2024 United States House of Representatives elections in Louisiana

All 6 Louisiana seats to the United States House of Representatives
|  | Majority party | Minority party |
| Party | Republican | Democratic |
| Seats before | 5 | 1 |
| Seats won | 4 | 2 |
| Seat change | −1 | +1 |
| Popular vote | 1,248,101 | 650,836 |
| Percentage | 65.49% | 34.15% |
| Swing | −2.79% | +6.00% |
- Republican hold Democratic hold Democratic gain
| Republican 50–60% 60–70% 70–80% 80–90% 90–100% | Democratic 50–60% 60–70% 70–80% 80–90% |

= 2024 United States House of Representatives elections in Louisiana =

The 2024 United States House of Representatives elections in Louisiana were held on November 5, 2024, to elect the six U.S. representatives from the state of Louisiana, one from each of the state's congressional districts. The elections coincided with the U.S. presidential election, as well as other elections to the House of Representatives, elections to the United States Senate, and various state and local elections.

==Background==
During the 2020 redistricting cycle, Louisiana's congressional map faced legal challenges for alleged violations of the Voting Rights Act of 1965. Roughly one-third of Louisiana's population is African American, but only one of Louisiana's six districts was drawn with a Black majority. Legislators overrode Governor John Bel Edwards' veto to enact the districts. The NAACP Legal Defense and Educational Fund sued the state on behalf of Black Louisianan voters. In Robinson v. Ardoin, a U.S. District Judge found that the maps were illegally racially gerrymandered, first ordering the legislature to reconvene to redraw compliant maps, then suggesting that she would enforce court-ordered maps following legislators' "disingenuous" and "insincere" attempts to do so on their own.
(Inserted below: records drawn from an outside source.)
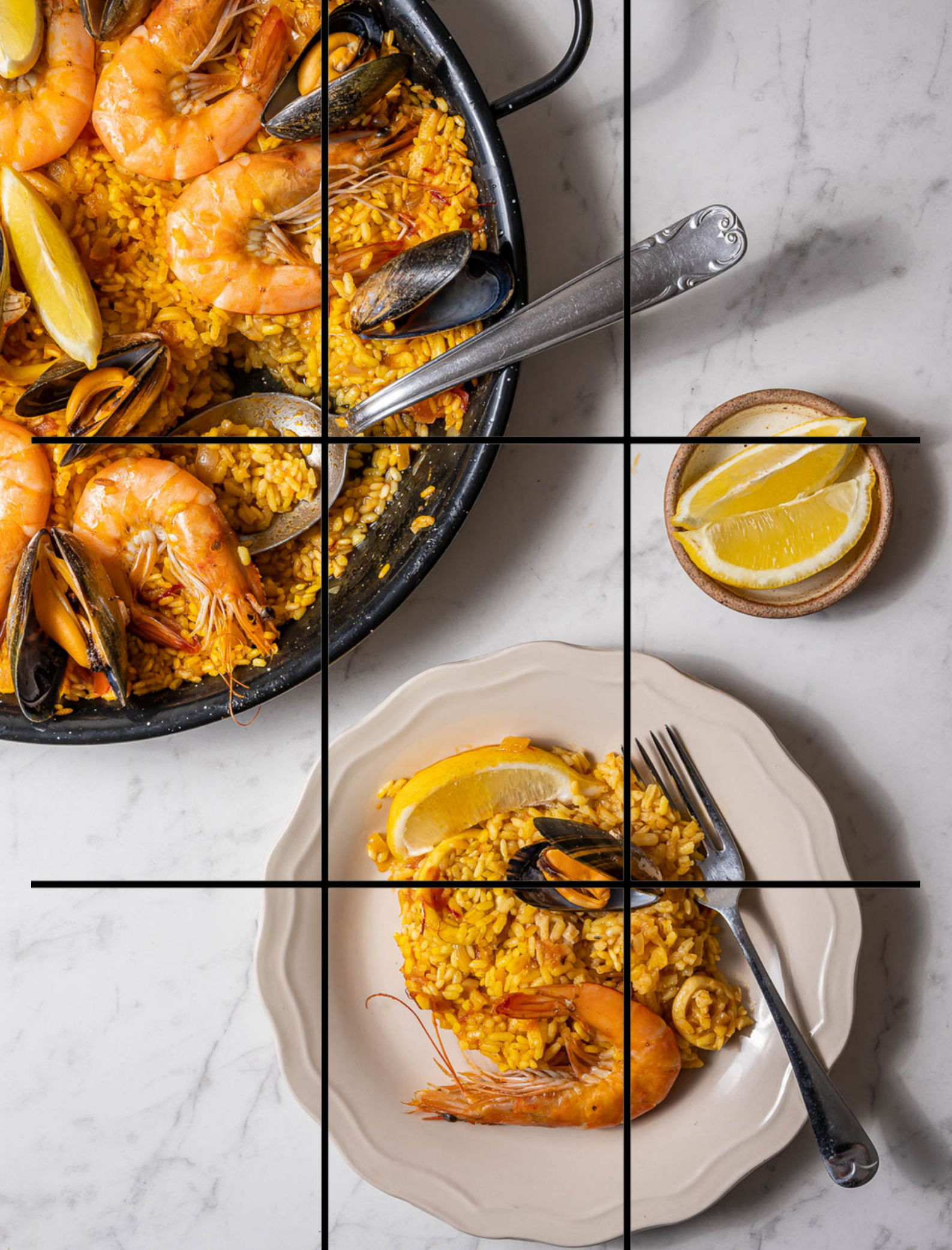
Rule of thirds
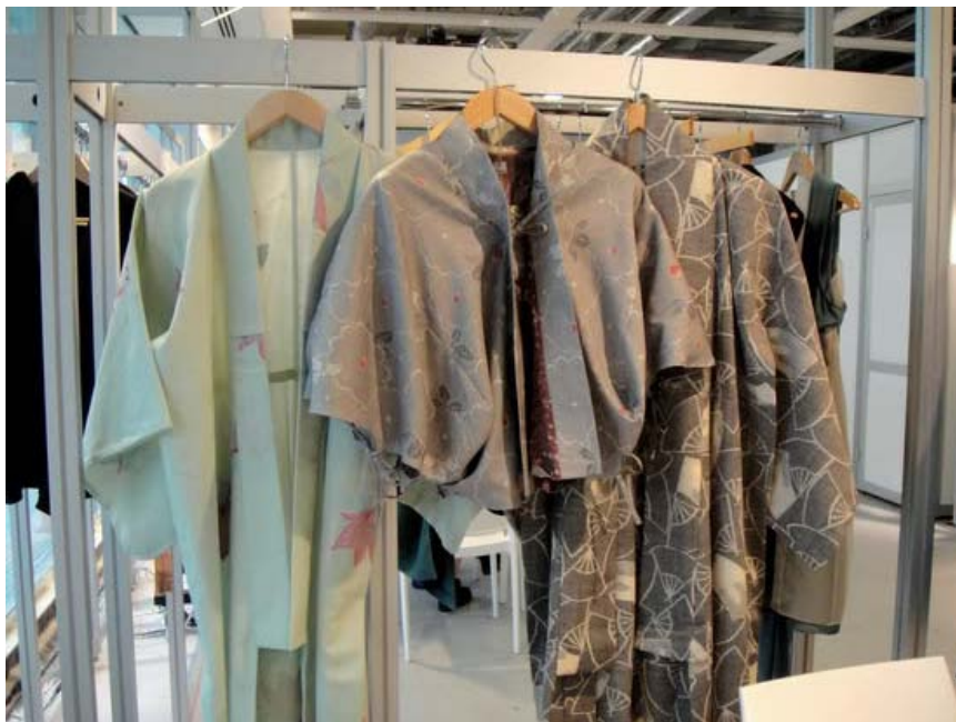
The grey piece in the middle is the Rei Coat and is selling for £245 Too much for me unfortunately
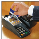
Swipe your card and choose “credit.”

Using your debit card for purchases is a great way to manage your finances – it's more convenient than checks and safer than cash. And when you sign for those purchases, it's more rewarding, too.
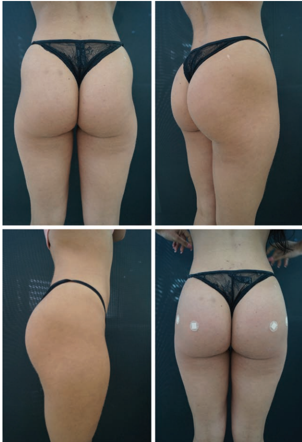
Fig. 3. PMMA gluteal filling.

The PMMA in Brazil has regular particles of 40 µm solid diameter and smooth surface. The vehicle and other products already marketed with other raw materials already
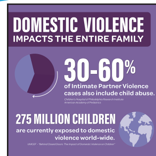
Domestic Violence Stats
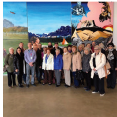
Our seniors visit the new Calgary Central Library
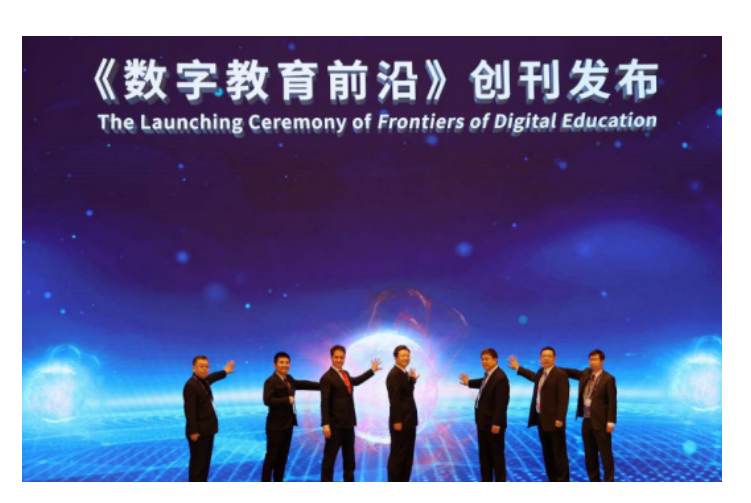
The latest edition of Frontiers of Digital Education was published in Shanghai.

The latest edition of the seasonal journal Frontiers of Digital Education was unveiled at the World Digital Education Conference in Shanghai on Jan 31. The journal is published by Higher Education Press under the auspices of the Chinese Ministry of Education. Overseas distribution is managed by Springer Nature of Germany. It is a quarterly Englishlanguage publication with advisory and editorial board members in China, Germany, the United States and elsewhere. The journal focuses on interdisciplinary research in the fields of digital technology and education, aiming to inform readers about policy trends in digital education, analyze crucial problems and help deal with pressing challenges in digital education and technology innovation.
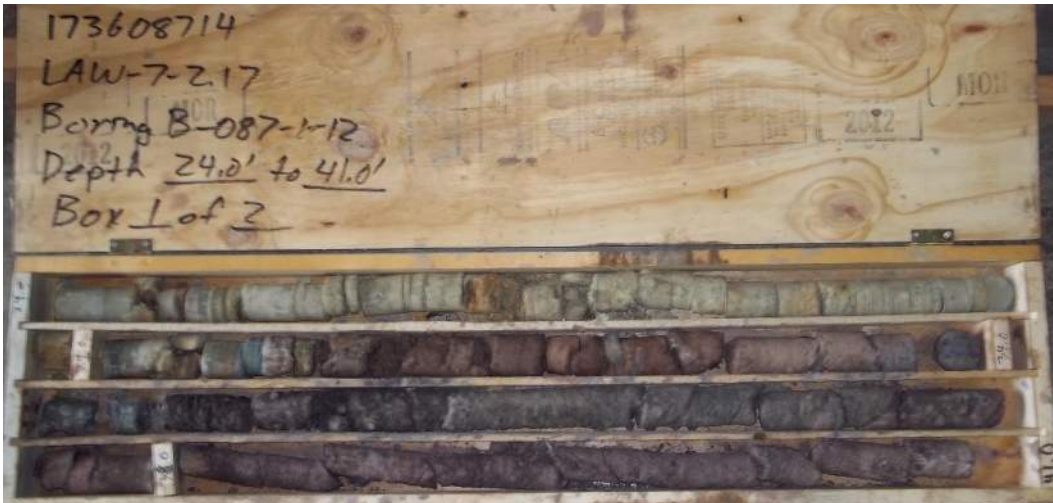
Figure 61 – Boring B-087-1-12, Box 1 of 2. Depth 24.0' to 41.0'.
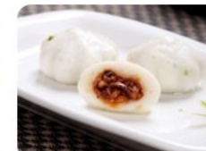
五味章鱼烧 Five Tastes Octopus Bun
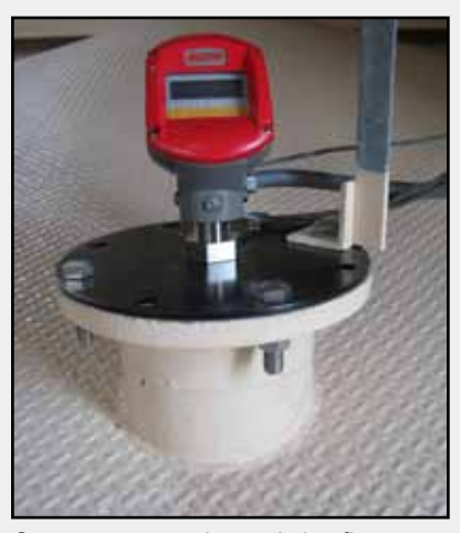
Scanner mounted on existing flange. using an adapter plate.

elScanner MV model – is helpful when used in material prone to sidewall buildup and bridging, where there are points in the bin that are lower or higher than the majority of the bin contents. Calculating volume after an empty or fill cycle, when there is a "cone down" or "cone up" can also be more accurate when multiple point measurement is used. Had a single measurement been taken, bin volume estimates could be significantly higher or lower than the actual volume.

The State appealed the case to the Fifth Circuit Court of Appeals to attempt to keep the discriminatory map in place. The Fifth Circuit first placed a stay on the court-ordered redrawing process pending review, then reversed its decision. The State then appealed to the Supreme Court of the United States, which granted the state's application, stayed the district court's injunction, and allowed the 2022 elections to take place with the discriminatory district map in effect. The Court indicated that it would first review a similar case concerning racial gerrymandering in Alabama, Allen v. Milligan, before dealing with Robinson v. Ardoin.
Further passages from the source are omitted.